Les chemins de traverse sont ceux que l’on emprunte, pensant devancer les routes habituelles, pour accéder de façon plus directe au paysage promis.
Ces itinéraires, plus courts, annoncent parfois un accès privilégié à un lieu où les autres routes ne passent pas, ou encore, relient une voie à une autre attisant le goût du raccourci .

Mais nous assurent-ils de ne pas « tourner en rond » ?

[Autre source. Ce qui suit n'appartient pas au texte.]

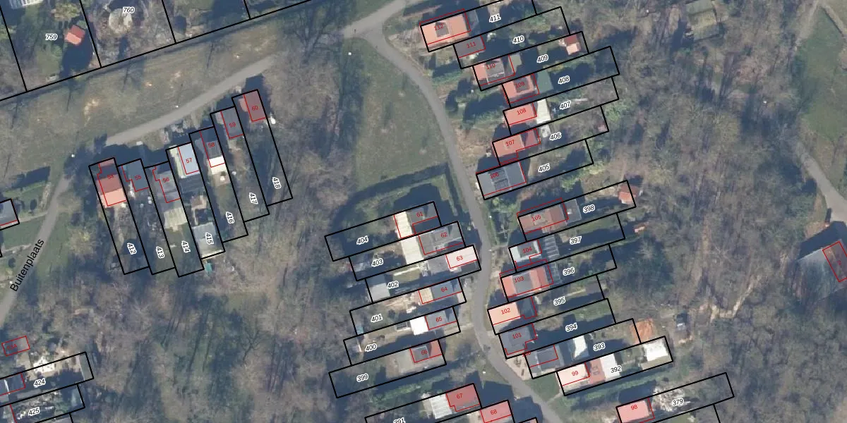 Gebruik de zoekbalk of klik op een perceel voor informatie over de adressen binnen dit perceel.

Le marcheur, ne trouvant pas d’issue, risquerait alors l’égarement. La balade engagée – animé par l’espoir d’aboutir à ce qui se trouve derrière, au bout, à la fin, à l’autre bout, au point d’arrivée – devient alors errance. Ces chemins qui semblaient favoriser le passage vers l’immensité, comme un élément transversal, accordant toutes les voies alentour solidement entre elles, deviennent objets de perdition, de frustration paysagère.
Continuant sans relâche, le promeneur, persuadé de trouver une échappatoire, se retrouve entraîné dans une quête sans fin, un cycle labyrinthique, dont la seule jouissance résulte en de perplexes formes, trouvées sur son chemin. Perdant le sens des rapports d’échelles et de temps, il plonge dans la profondeur des objets environnants, y cherchant de potentielles indications. Une roche, une empreinte, ou encore, des bribes de constructions humaines...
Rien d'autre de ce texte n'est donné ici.